Demain mettait terriblement longtemps à arriver.
J'étais à la merci des chauffeurs, des propriétaires des logements et de leurs chefs, les agents du véritable passeur. Toutefois, il n'y avait rien que je pouvais faire.
Il était évident que le bateau allait chavirer. Pendant un bref et étrange moment, je me suis senti calme, résigné. Ainsi, Gulwali, c'est comme ça que tu vas mourir. Je l'ai imaginé - me noyer - dans les moindres détails : la fraîcheur propre de l'eau au moment où les ténèbres se refermaient au-dessus de ma tête, ma vie qui commencerait à défiler devant mes yeux...
Je songeais sans arrêt à quel point ce serait plaisant en Grèce - juste de me laver, de ne plus puer la pisse et le vomi. Ça peut paraître stupide mais, plutôt que de nourriture, je rêvais d'habits neufs, et de la sensation tellement agréable qu'ils produiraient sur ma peau propre.
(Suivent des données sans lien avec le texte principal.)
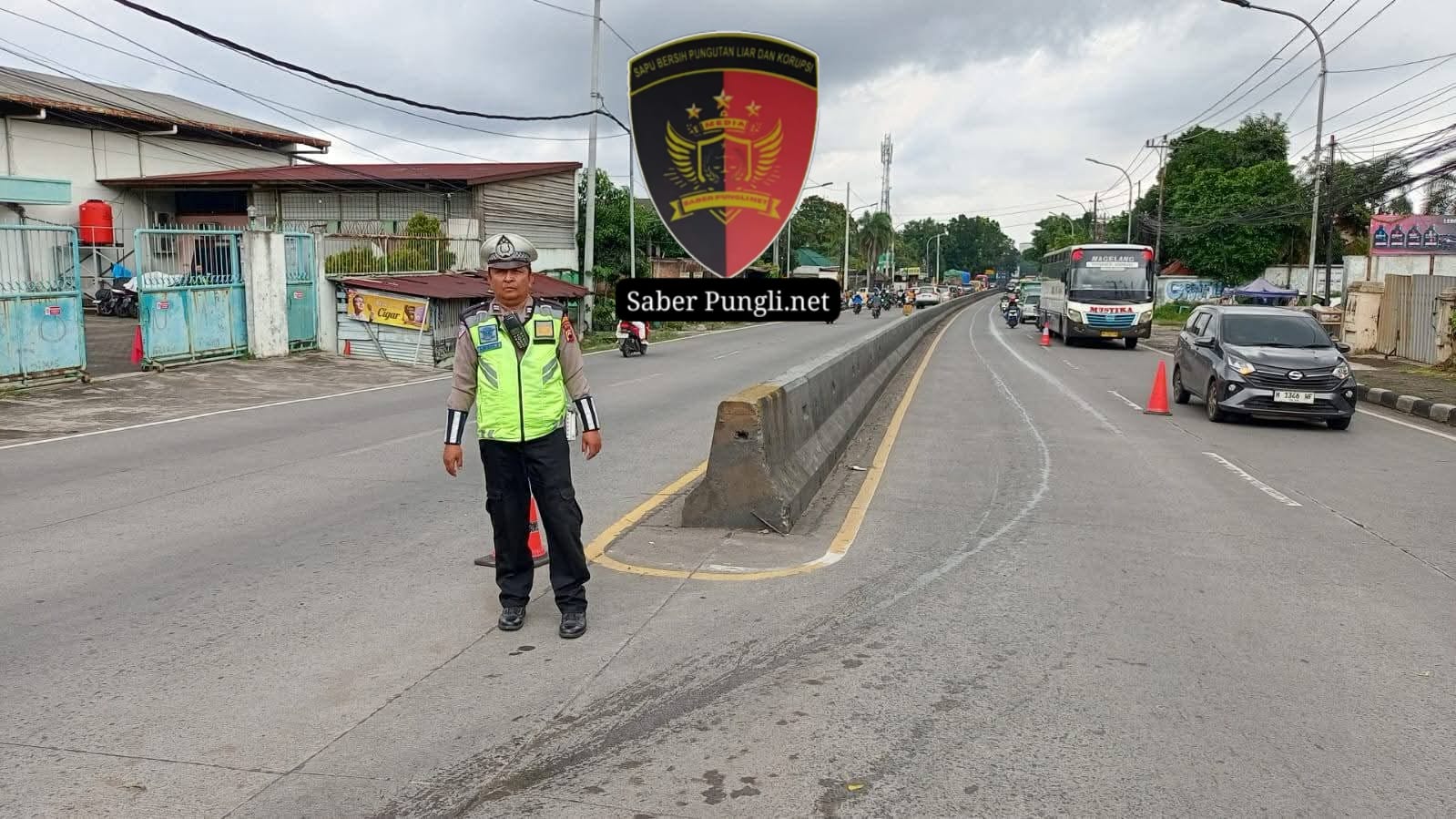 SEMARANG [SaberPungli.net] Unit Lalu Lintas Polsek Banyumanik melaksanakan rekayasa arus lalu lintas dengan sistem contraflow di ruas Jalan Perintis Kemerdekaan, Kecamatan Banyumanik, Kota Semarang, Senin (26/1/2026). Rekayasa arus diterapkan menyusul adanya pekerjaan pengecoran jalan di depan Masjid Al Hasanah yang berpotensi menimbulkan kepadatan kendaraan.
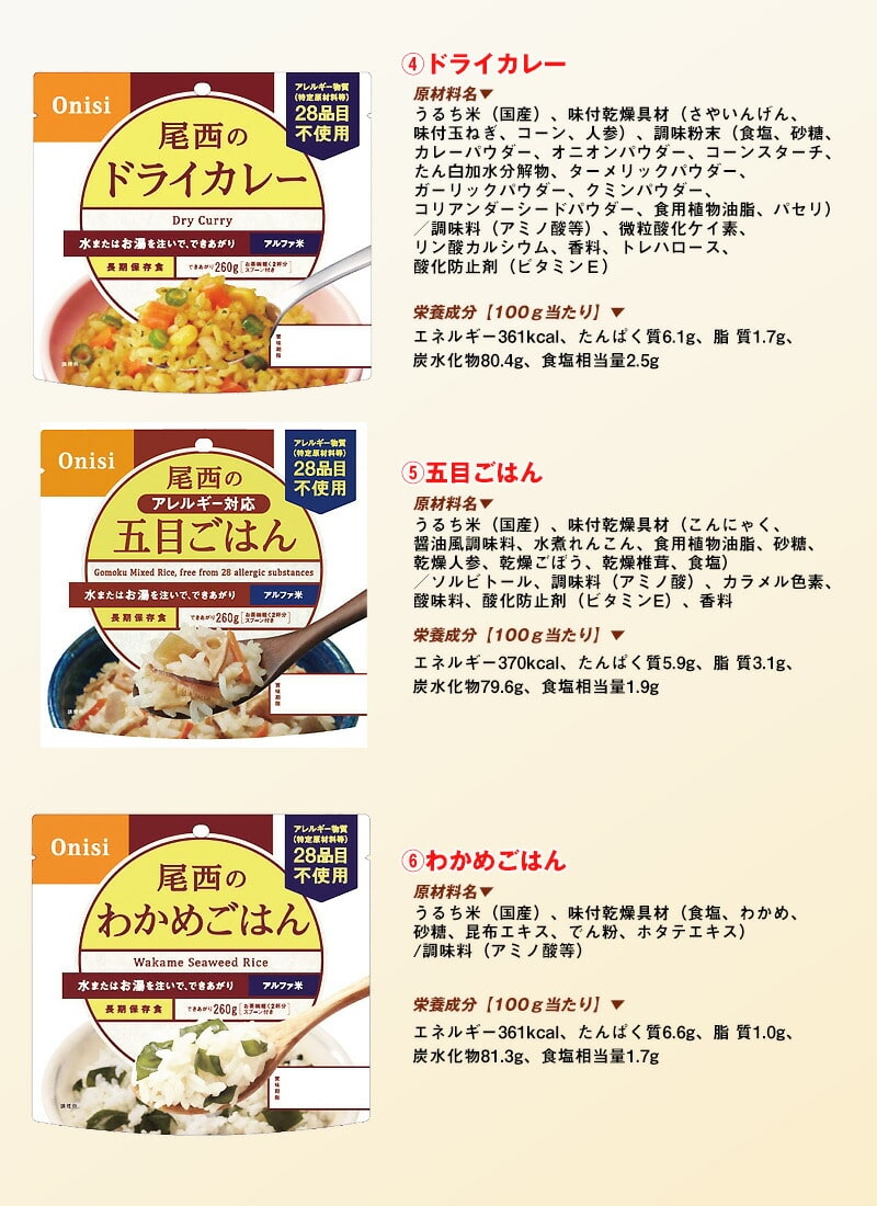 ●保存食は、流通の段階で多少のお時間がかかるため、お手元に届く際には賞味期限が5年を切る場合もございます。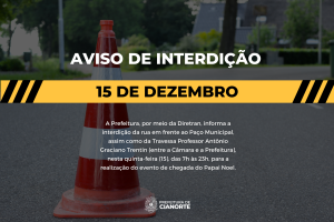 A Prefeitura, por meio da Diretran, informa a interdição da rua em frente ao Paço Municipal, assim como da Travessa Professor Antônio Graciano Trentin (entre a Câmara e a Prefeitura), nesta quinta-feira (15), das 7h às 23h, para a realização do evento de chegada do Papai Noel.

Avant de mourir, j'ai songé à comment ça serait, de se noyer. Il était clair désormais que c'était ainsi que je m'en irais ; loin de l'affection de ma mère, de la force de mon père et de l'amour de ma famille. Les vagues blanches allaient me dévorer, m'avaler tout entier avec leurs mâchoires terrifiantes, puis rejeter mon jeune corps qui sombrerait lentement dans les profondeurs froides et sombres.
- Morya ! Morya ! ai-je crié en implorant ma mère de venir, de prendre son fils de douze ans et de le mettre en sûreté.
Le voyage était supposé être le commencement de ma vie, pas sa fin.